» **WORK TO COMPLETE**: Everything in the records below from the line containing "Lesní pozemek o" through the line containing "김영록 전남도지사가 10일" is to be reproduced exactly, those two lines included; no picture is to be copied.
Segment Start: EXERCISE MATERIAL
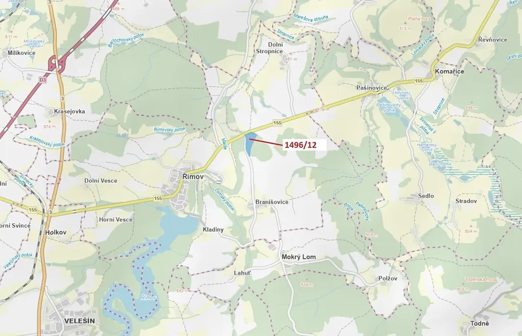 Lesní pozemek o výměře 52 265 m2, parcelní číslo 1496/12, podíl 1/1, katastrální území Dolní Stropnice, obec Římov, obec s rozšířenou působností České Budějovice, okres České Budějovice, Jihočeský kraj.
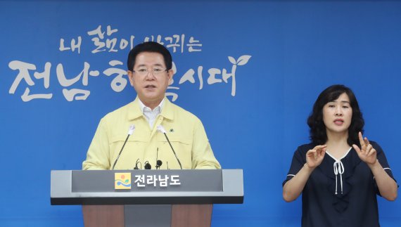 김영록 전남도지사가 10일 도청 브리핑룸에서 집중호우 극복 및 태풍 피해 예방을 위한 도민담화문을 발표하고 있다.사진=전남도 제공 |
Segment End: EXERCISE MATERIAL
Segment Start: EXERCISE MATERIAL
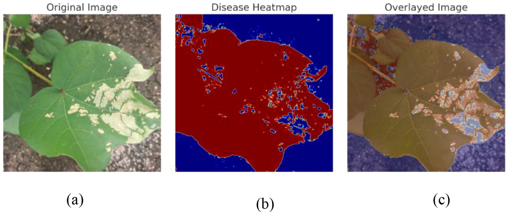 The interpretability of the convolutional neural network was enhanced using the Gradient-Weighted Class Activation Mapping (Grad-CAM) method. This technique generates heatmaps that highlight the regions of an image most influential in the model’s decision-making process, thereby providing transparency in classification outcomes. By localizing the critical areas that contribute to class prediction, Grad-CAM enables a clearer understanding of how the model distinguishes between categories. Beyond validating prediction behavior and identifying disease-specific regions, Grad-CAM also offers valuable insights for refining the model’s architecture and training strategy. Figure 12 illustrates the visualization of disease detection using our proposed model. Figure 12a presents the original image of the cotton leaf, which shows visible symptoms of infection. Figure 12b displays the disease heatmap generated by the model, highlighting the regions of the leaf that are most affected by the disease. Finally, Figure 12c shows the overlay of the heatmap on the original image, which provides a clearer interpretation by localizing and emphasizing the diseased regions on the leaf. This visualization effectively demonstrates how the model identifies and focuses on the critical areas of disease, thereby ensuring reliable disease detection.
Segment End: EXERCISE MATERIAL
» **EXERCISE RESPONSE**:
 Lesní pozemek o výměře 52 265 m2, parcelní číslo 1496/12, podíl 1/1, katastrální území Dolní Stropnice, obec Římov, obec s rozšířenou působností České Budějovice, okres České Budějovice, Jihočeský kraj.
 김영록 전남도지사가 10일 도청 브리핑룸에서 집중호우 극복 및 태풍 피해 예방을 위한 도민담화문을 발표하고 있다.사진=전남도 제공 |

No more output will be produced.